A) an isocyanate component comprising one or more organic polyisocyanates;

B) an isocyanate-reactive component comprising:

Bl) one or more (meth)acrylate monomers containing at least one hydroxyl - functionality;

B2) one or more organic polyols;

C) a radical reaction initiator, and wherein the polyurethane-poly(meth)acrylate resin was obtained by reacting the components, preferably by a one-pot process.

Said composition is preferably to be used as component of the feedstock according to the method of the invention. Therefore another aspect of the invention is the use of said composition in pyrolysis of scrap, fiber-reinforced polyurethane-poly(meth)acrylate composite material, preferably by above described method according to the invention.

All preferred embodiments of the fiber-reinforced polyurethane-poly(meth)acrylate composite scrap material and the catalyst as defined in above described method of the invention, also serve as preferred embodiments for the composition and the use thereof.

E x a m p l e s

To prepare the experiments with wind blade composite , the reactor was first filled. The pellets used as scrap composite material according to this invention comprise ca. 73 wt.% glass fibers and 27 wt.-% resin. The resin was prepared from 100 parts by weight of isocyanate reactive material (B) comprising related to the weight of component (B) 55 wt.-% polyol (B2) and 45 % by weight hydroxypropyl methacrylate (HPMA) (Bl)) and 88 parts by weight of isocyanate (A). The radical initiator used was t-butylperoxybenzoate. A mixture of catalyst (Pluralox® SBA 200 from Sasol) and composite pellets was prepared and the resulting feedstock was filled from below into the reactor. After the reactor had been filled, the end pipe was isolated. The cooling traps were then prepared and connected to the reactor. The thermocouples of the reactor and of the cold traps were connected.

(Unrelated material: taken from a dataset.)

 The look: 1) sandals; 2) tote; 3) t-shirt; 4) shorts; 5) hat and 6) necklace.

The temperature was set to 490°C.

This was followed by the heating-up phase of 20 minutes. The duration of the experiment was 30 minutes. The reactor was then flushed with nitrogen gas for a further period of 10 minutes.

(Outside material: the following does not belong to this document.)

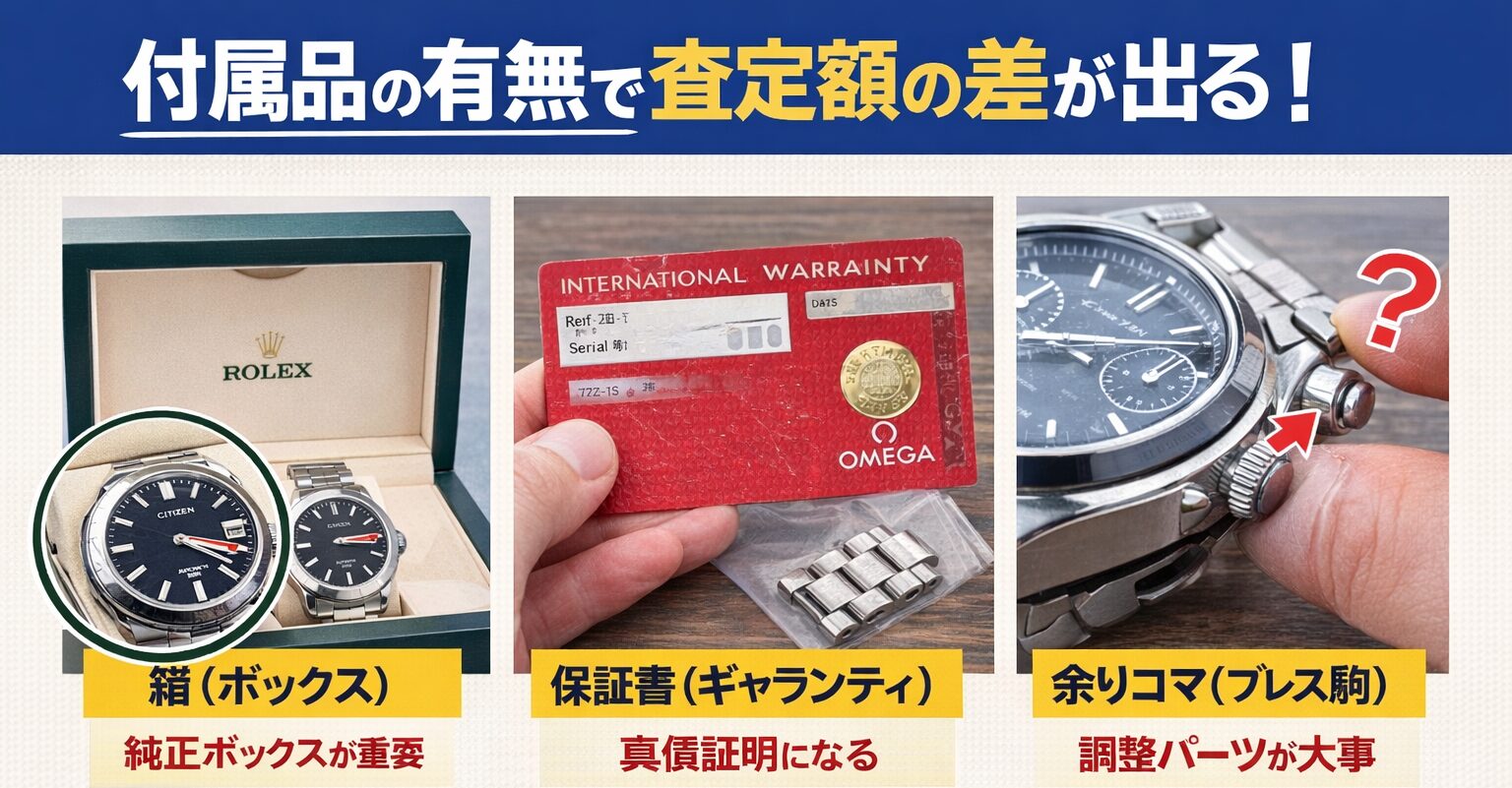 →特に高級時計に関しては、付属品がないだけで何十万円も減額してしまう可能性もあります。

After the experiment, the liquid nitrogen was removed from under the cold traps.

After thawing of the cold traps, the pyrolysis oil was flushed out of the cold trap with 25 ml of methanol. The pyrolysis oil in methanol was filled into a prepared sample glass with cumene, the internal standard for the gas chromatography. After cooling of the reactor, the end pipe and the perforated plate insert were likewise flushed with 25 ml of methanol into a separate glass with cumene the internal standard.

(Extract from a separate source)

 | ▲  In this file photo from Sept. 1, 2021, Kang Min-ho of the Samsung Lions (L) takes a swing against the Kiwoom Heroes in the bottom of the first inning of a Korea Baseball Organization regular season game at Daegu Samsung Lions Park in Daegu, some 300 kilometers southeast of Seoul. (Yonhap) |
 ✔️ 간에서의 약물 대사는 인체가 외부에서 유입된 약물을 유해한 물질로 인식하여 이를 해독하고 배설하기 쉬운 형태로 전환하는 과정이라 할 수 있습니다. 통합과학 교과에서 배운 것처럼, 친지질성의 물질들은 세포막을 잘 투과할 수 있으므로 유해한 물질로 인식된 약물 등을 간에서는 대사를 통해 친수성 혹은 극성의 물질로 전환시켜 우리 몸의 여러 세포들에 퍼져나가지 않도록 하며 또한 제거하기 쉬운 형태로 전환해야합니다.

A GC analysis was carried out of the cold trap sample and the reactor sample. 100 pL of cumene are used per sample solution of 25 ml and the pyrolysis oil.

The GC system Agilent Technologies 7890 A was used for the analysis. The GC column, Rxi- 1ms, from Restek was used to separate the substances within the system. The length of the used column is 30 m, the inner diameter is 0.32 mm. The temperature range of the column is -60 °C up to 330/350 °C.

The evaluation of the GC data takes place via the software Chromeleon® (from Thermo Fisher Scientific). Results:

The composition as detected according to above described analysis is summarized in table 1 below. Table 1 : Composition of the pyrolysis product and the pyrolysis residue from fiber-reinforced composite material scrap pellets determined at 273°C [wt.-%]: wt.-% related to total weight of scrap pyrolysis results composite material pyrolysis product (oil): aniline 1,56 toluidine 0,58 methylenedianiline (MDA) 0,02

Acetone 0,17

1,4-dioxane 0,02 remainders (not further characterized) 4,71

Pyrolysis residue glass 73,00 coke 5,00

The remaining amount of components produced upon pyrolysis is assumed to be gaseous at ambient temperature and was therefore not detected by the procedure as described above or to be liquid but could not be detected due to the large set up in comparison to the obtained oil part.